Figure 4: Network properties between clusters.
Faceted box plots displaying mean network degree (A) and closeness centrality (B) for prokaryotes and protists included in Cluster 1 (blue) and 2 (orange) networks. Degree and centrality were significantly different (Wilcoxon tests, **** = p-values < 0.0001) between clusters for prokaryotes and protists. Microbial ASVs (or nodes) within each network are shown as individual points (n = 150 per box plot).

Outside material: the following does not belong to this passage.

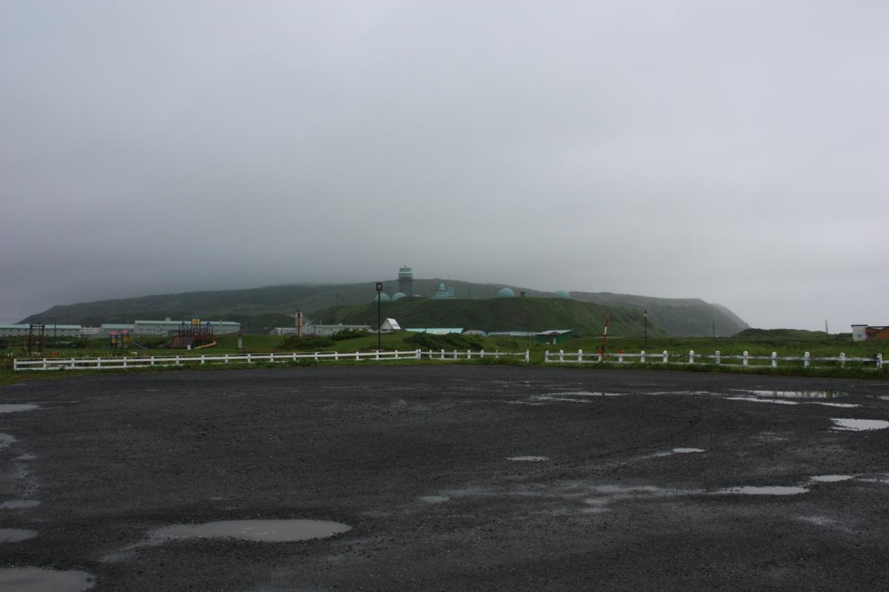 前日行かなかったノシャップ岬に行く前に、北防波堤ドームに行きました。雨は上がっていましたが、曇り空でした。防波堤ドームの下にテントを張り、野宿している人達がいました。 -

See Table S3 for raw data.Though represented by similar order level microbes, the most prominent types of edges (both positive and negative) varied between networks (Fig. 5; Table S4), often becoming more prevalent in Cluster 1. Common Prokaryote-Prokaryote edges (mostly positive) that were higher in Cluster 1 vs. 2 included Flavobacteriales-SAR11, Flavobacteriales-Rhodobacterales, and Flavobacteriales-Flavobacteriales (Fig. 5A). Several Protist-Protist edges were higher in Cluster 2, including Bacillariophyta associated with Unassigned Dinophyceae, Dino-Groups I and II, Gonyaulacales, and Tintinnida (Fig. 5B). In contrast, associations between Bacillariophyta and Mamiellales, Cryptomonadales, and Peridiniales were elevated in Cluster 1 (Fig. 5B). Flavobacteriales-Bacillariophyta was the most prevalent cross-domain relationship in both networks and increased in Cluster 1 (Fig. 5C). Several cross-domain edges that were common in Cluster 1, including Rhodobacterales-Gymnodiniales, Rhodobacterales-Bacillariophyta, and Flavobacteriales-Strombidiida were not observed in the Cluster 2 network (Fig. 5C).
Figure 5: Differences in the number of order level microbial associations between clusters.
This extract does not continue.